== RECORDS FOR THIS TASK
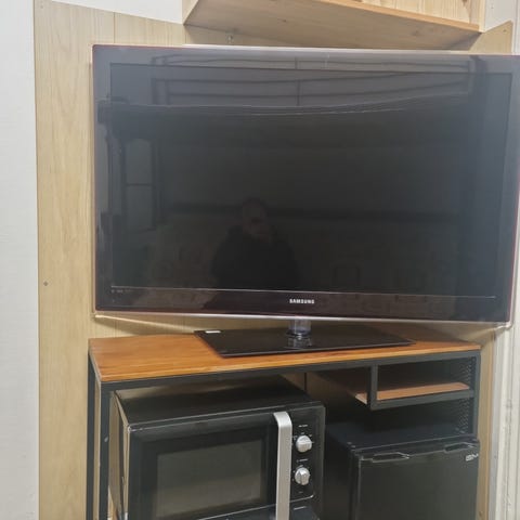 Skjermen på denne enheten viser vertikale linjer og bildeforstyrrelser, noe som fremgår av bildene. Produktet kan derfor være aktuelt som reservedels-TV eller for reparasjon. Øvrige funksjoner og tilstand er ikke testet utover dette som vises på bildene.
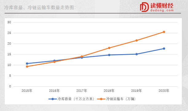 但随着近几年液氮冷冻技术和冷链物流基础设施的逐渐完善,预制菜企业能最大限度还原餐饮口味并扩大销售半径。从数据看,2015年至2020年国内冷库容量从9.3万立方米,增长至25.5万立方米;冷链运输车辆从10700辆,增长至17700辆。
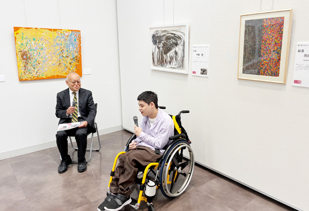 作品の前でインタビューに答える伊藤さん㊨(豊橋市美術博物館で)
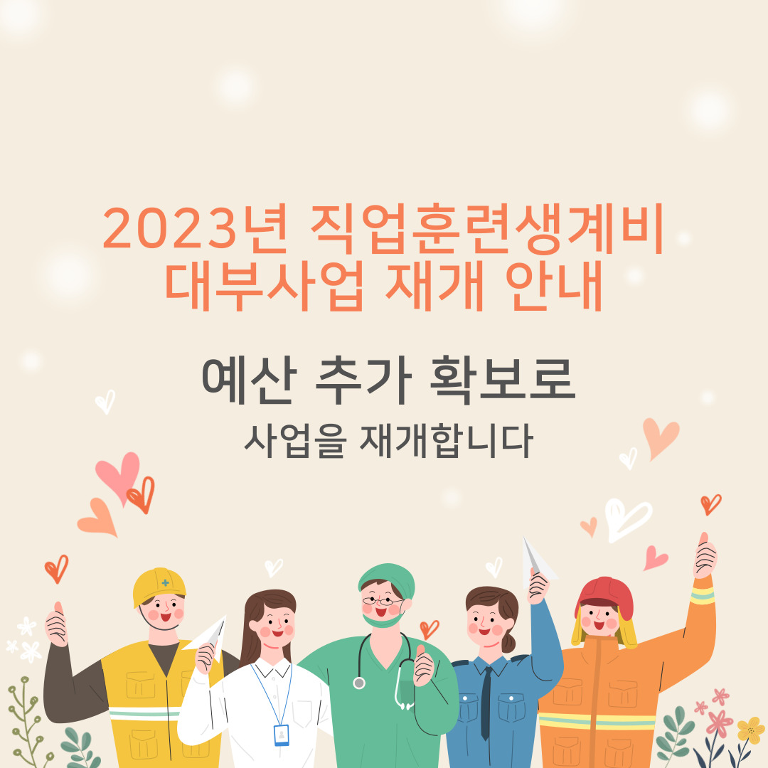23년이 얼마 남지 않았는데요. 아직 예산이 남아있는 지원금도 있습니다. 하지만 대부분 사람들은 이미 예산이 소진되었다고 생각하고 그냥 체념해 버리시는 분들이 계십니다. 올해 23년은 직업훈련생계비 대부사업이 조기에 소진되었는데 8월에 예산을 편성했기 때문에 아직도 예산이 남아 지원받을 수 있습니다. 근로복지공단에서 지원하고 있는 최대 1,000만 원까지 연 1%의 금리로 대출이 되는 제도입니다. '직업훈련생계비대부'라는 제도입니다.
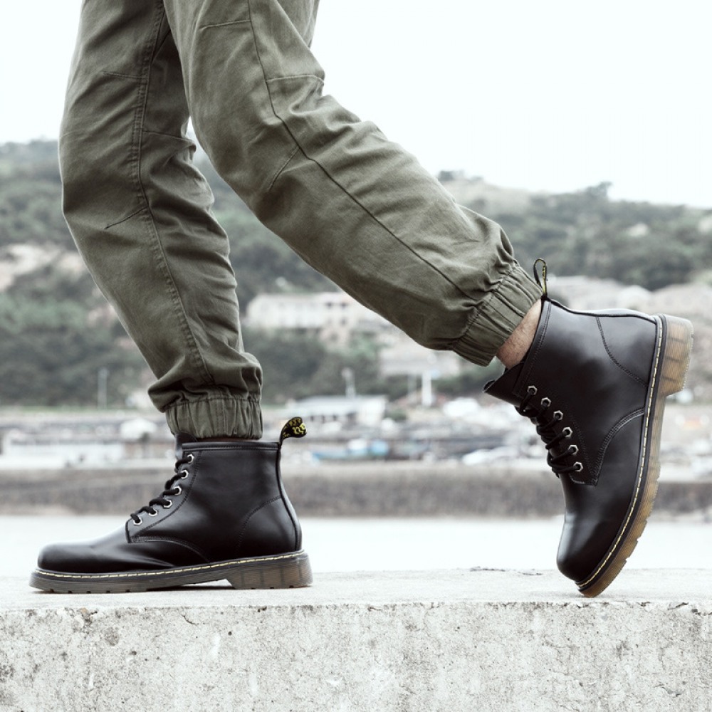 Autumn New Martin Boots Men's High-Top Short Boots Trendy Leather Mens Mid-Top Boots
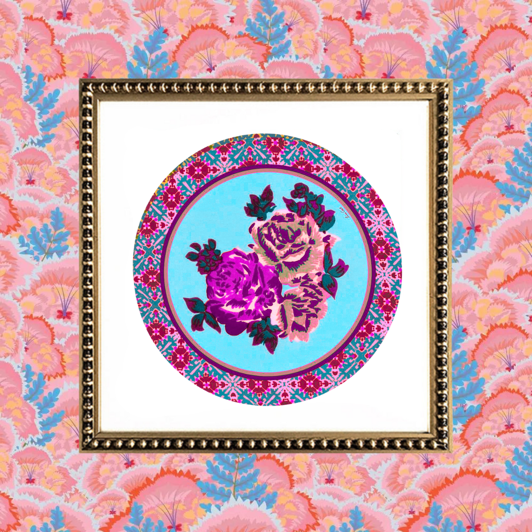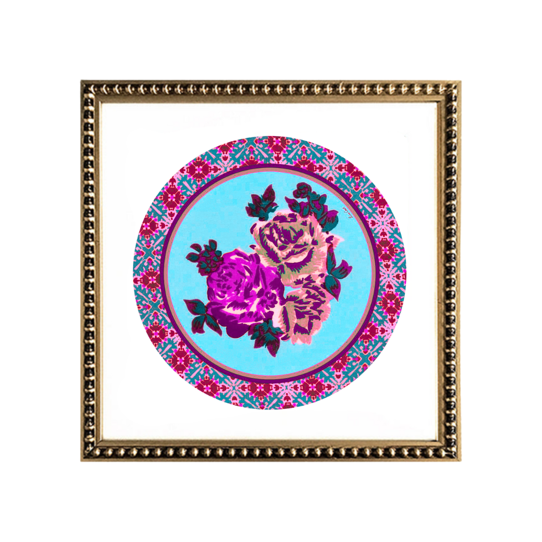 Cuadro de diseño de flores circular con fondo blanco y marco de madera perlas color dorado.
====
> **WHAT TO DO**: Going by the entries above, repeat exactly the lines that start at the line with "但随着近几年液氮冷冻技术和冷" and go on through the line with "作品の前でインタビューに答える伊藤さん㊨(豊橋市美術博物館で)". Pictures are not part of the copy.

> **EXPECTED ANSWER**:
 但随着近几年液氮冷冻技术和冷链物流基础设施的逐渐完善,预制菜企业能最大限度还原餐饮口味并扩大销售半径。从数据看,2015年至2020年国内冷库容量从9.3万立方米,增长至25.5万立方米;冷链运输车辆从10700辆,增长至17700辆。
 作品の前でインタビューに答える伊藤さん㊨(豊橋市美術博物館で)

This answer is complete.